Same here, md raid10 (not sure if its important but xfs, hung 3 times in last 2 days).
It seems that a combination of md raid10 check + I/O (maybe XFS-specific, I dunno, but both original poster and us seem to use XFS) frequently hangs on kernels that are newer than Ubuntu 4.10.0-42.46~16.04.1-generic 4.10.17 (yes, I know it's a wide range, but everything started happening after we rebooted this machine, which upgraded us from Ubuntu 4.10.0-42.46~16.04.1-generic 4.10.17 to Ubuntu 4.13.0-43.48~16.04.1-generic 4.13.16, the check was scheduled some time later, so we didn't catch it immediately).

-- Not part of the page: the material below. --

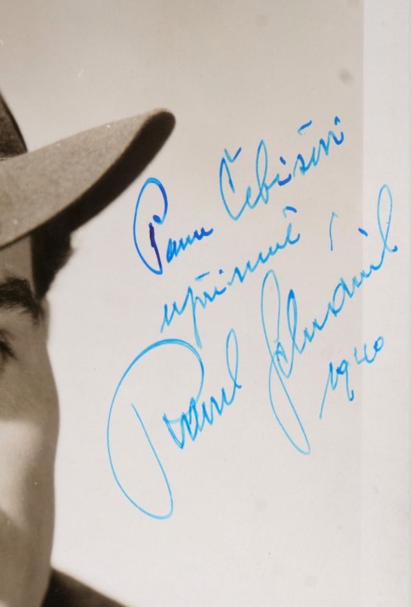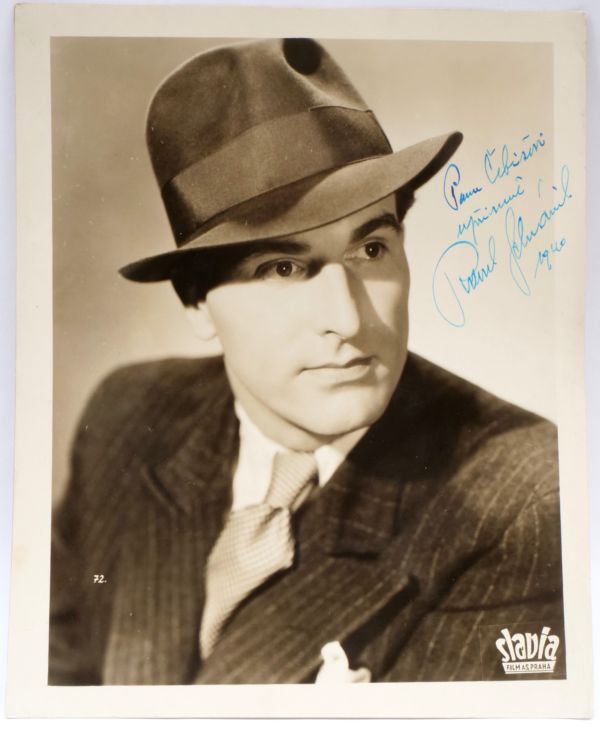 dobová fotografie herce Raoula Schránila s věnováním, reklamní ateliérová fotografie filmové a produkční společnosti Slavia-film, Protektorát Čechy a Morava, rok 1940, rozměry 30 x 24 cm; sběratelsky zajímavé

The logs look very similar:
Jun 13 19:15:42 pisces kernel: [27430.370899] INFO: task md7_resync:12982 blocked for more than 120 seconds.
Jun 13 19:15:42 pisces kernel: [27430.370940] Not tainted 4.13.0-43-generic #48~16.04.1-Ubuntu
Jun 13 19:15:42 pisces kernel: [27430.370966] "echo 0 > /proc/sys/kernel/hung_task_timeout_secs" disables this message.
Jun 13 19:15:42 pisces kernel: [27430.370997] md7_resync D 0 12982 2 0x80000000
Jun 13 19:15:42 pisces kernel: [27430.371000] Call Trace:
Jun 13 19:15:42 pisces kernel: [27430.371012] __schedule+0x3d6/0x8b0
Jun 13 19:15:42 pisces kernel: [27430.371014] schedule+0x36/0x80
Jun 13 19:15:42 pisces kernel: [27430.371020] raise_barrier+0xd2/0x1a0 [raid10]
Jun 13 19:15:42 pisces kernel: [27430.371024] ? wait_woken+0x80/0x80
Jun 13 19:15:42 pisces kernel: [27430.371027] raid10_sync_request+0x9bd/0x1b10 [raid10]
Jun 13 19:15:42 pisces kernel: [27430.371031] ? pick_next_task_fair+0x449/0x570
Jun 13 19:15:42 pisces kernel: [27430.371035] ? __switch_to+0xb2/0x540
Jun 13 19:15:42 pisces kernel: [27430.371041] ? find_next_bit+0xb/0x10
Jun 13 19:15:42 pisces kernel: [27430.371046] ? is_mddev_idle+0xa1/0x101
Jun 13 19:15:42 pisces kernel: [27430.371048] md_do_sync+0xb81/0xfb0
Jun 13 19:15:42 pisces kernel: [27430.371050] ? wait_woken+0x80/0x80
Jun 13 19:15:42 pisces kernel: [27430.371054] md_thread+0x133/0x180
Jun 13 19:15:42 pisces kernel: [27430.371055] ? md_thread+0x133/0x180
Jun 13 19:15:42 pisces kernel: [27430.371060] kthread+0x10c/0x140
Jun 13 19:15:42 pisces kernel: [27430.371062] ? state_show+0x320/0x320
Jun 13 19:15:42 pisces kernel: [27430.371064] ? kthread_create_on_node+0x70/0x70
Jun 13 19:15:42 pisces kernel: [27430.371067] ret_from_fork+0x35/0x40
Jun 13 19:15:42 pisces kernel: [27430.371181] INFO: task kworker/20:1:27873 blocked for more than 120 seconds.
Jun 13 19:15:42 pisces kernel: [27430.371210] Not tainted 4.13.0-43-generic #48~16.04.1-Ubuntu
Jun 13 19:15:42 pisces kernel: [27430.371235] "echo 0 > /proc/sys/kernel/hung_task_timeout_secs" disables this message.
Jun 13 19:15:42 pisces kernel: [27430.371267] kworker/20:1 D 0 27873 2 0x80000000
Jun 13 19:15:42 pisces kernel: [27430.371333] Workqueue: xfs-sync/md7 xfs_log_worker [xfs]
Jun 13 19:15:42 pisces kernel: [27430.371334] Call Trace:
Jun 13 19:15:42 pisces kernel: [27430.371338] __schedule+0x3d6/0x8b0
Jun 13 19:15:42 pisces kernel: [27430.371340] schedule+0x36/0x80
Jun 13 19:15:42 pisces kernel: [27430.371342] schedule_timeout+0x1f3/0x360
Jun 13 19:15:42 pisces kernel: [27430.371347] ? scsi_ini...

Read more...

Launchpad Janitor (janitor) wrote :

Status changed to 'Confirmed' because the bug affects multiple users.

Changed in ubuntu:
status: New → Confirmed

Same problem here reproducible on Ubuntu 18.04 LTS. SATA RAID 10 with XFS filesystem. On each reboot the RAID does a resync. Any operation on the RAID before the resync is finished causes the process to hang. Might be also associated with another issue that causes the resync every time on boot.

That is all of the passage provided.